Records drawn from a dataset:
◇ ◇ ◇
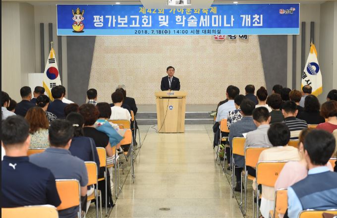 김해시는 2018년 지난 4월 27일부터 5일간 개최된 ‘제42회 가야문화축제’ 평가보고회 및 학술세미나를 18일 시청 대회의실에서 축제관계자, 자원봉사자 등 200여명이 참석한 가운데 개최했다.
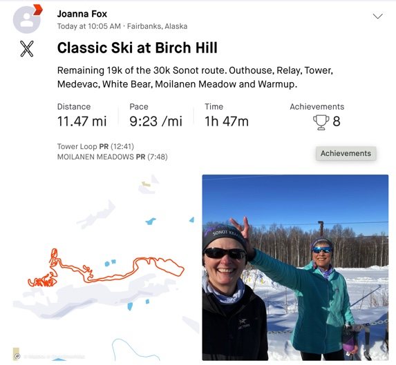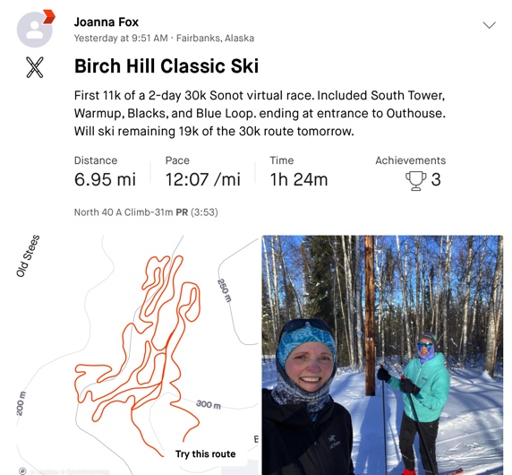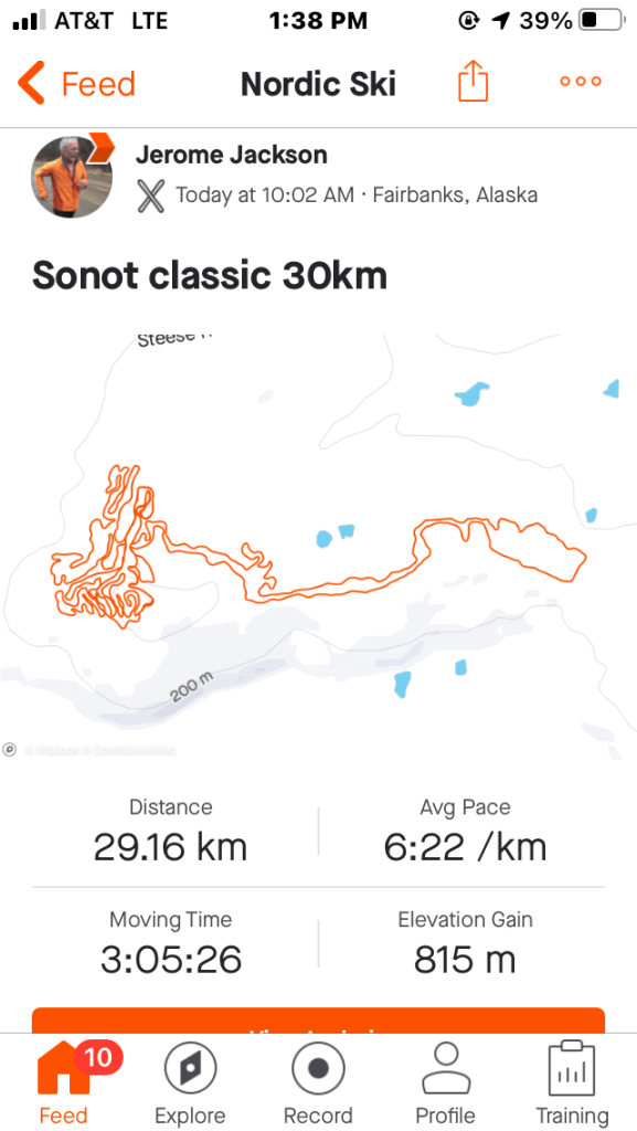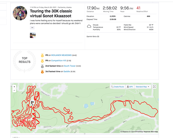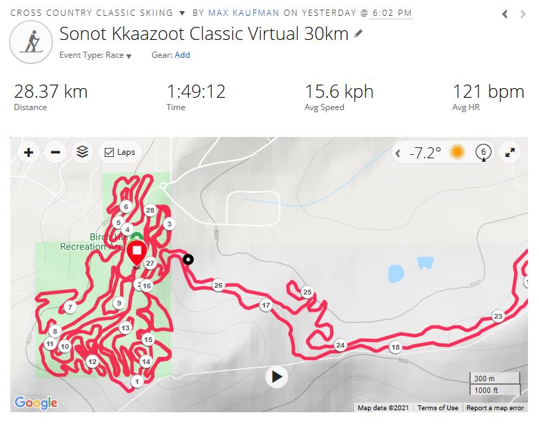 Saturday morning, Dan Johnson skate skied his 30 km virtual Denal State Bank Sonot Kkaazoot in an official time of 2:43:38.
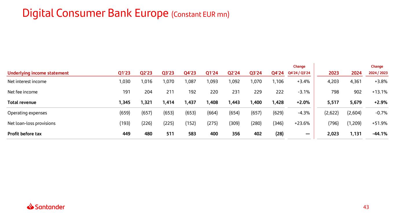 42 Digital Consumer Bank Europe (EUR mn) Change Change Underlying income statement Q1'23 Q2'23 Q3'23 Q4'23 Q1'24 Q2'24 Q3'24 Q4'24 Q4'24 / Q3'24 2023 2024 2024 / 2023 Net interest income 1,029 1,011 1,069 1,083 1,095 1,092 1,069 1,105 +3.4% 4,193 4,361 +4.0% Net fee income 191 203 210 192 220 231 229 222 -3.1% 796 902 +13.4% Total revenue 1,343 1,315 1,411 1,433 1,410 1,444 1,398 1,427 +2.1% 5,502 5,679 +3.2% Operating expenses (659) (655) (652) (652) (665) (655) (656) (629) -4.2% (2,618) (2,604) -0.5% Net loan-loss provisions (193) (222) (225) (152) (276) (308) (279) (345) +23.6% (792) (1,209) +52.6% Profit before tax 447 481 509 582 401 356 402 (28) — 2,019 1,131 -44.0%
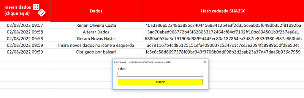 Segue uma aplicação do SHA256 para geração de hashs em cadeia para validação de dados em uma planilha qualquer.
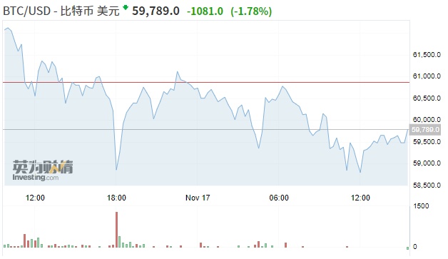 截至周三下午15:40,比特币下跌约1.78%,59789美元,连续第四天下跌。以太坊下跌2.73%,至4189美元,为10月28日以来的最低水平。市值排名靠前的加密货币在过去7天里都出现了至少10%的跌幅。
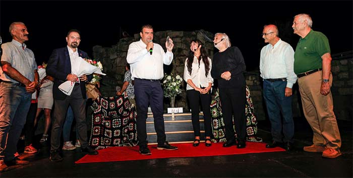 Seferihisar Belediye Başkanı İsmail Yetişkin oyunun ardından Kaleiçini dolduran tüm sanatseverler adına Gezen ailesine çiçekle teşekkür etti.
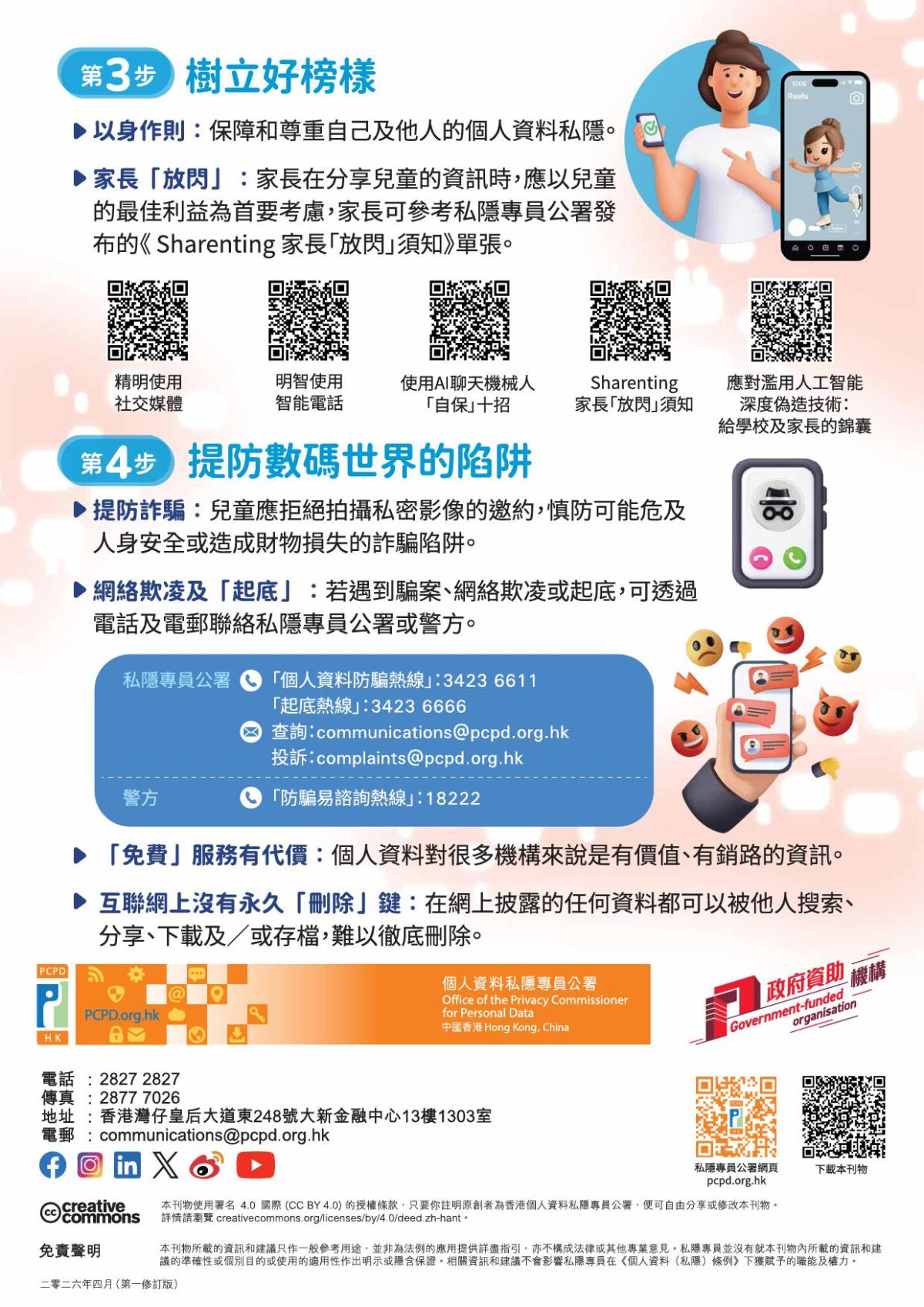 - 提醒兒童數碼世界的陷阱:家長及老師應警惕兒童有關網上詐騙、網絡欺凌、人工智能深度偽造技術的濫用及「起底」等風險,並提醒兒童他們的個人資料對不少機構而言是有價值、有銷路的資訊;以個人資料換取看來是「免費」的服務未必划算;以及互聯網上沒有永久「刪除」鍵。
◇ ◇ ◇
Exercise ▸ A verbatim copy of the records is expected, from their first line through the line with "Saturday morning, Dan", inclusive, with the pictures removed.

Response for this exercise ▸
 김해시는 2018년 지난 4월 27일부터 5일간 개최된 ‘제42회 가야문화축제’ 평가보고회 및 학술세미나를 18일 시청 대회의실에서 축제관계자, 자원봉사자 등 200여명이 참석한 가운데 개최했다.
 Saturday morning, Dan Johnson skate skied his 30 km virtual Denal State Bank Sonot Kkaazoot in an official time of 2:43:38.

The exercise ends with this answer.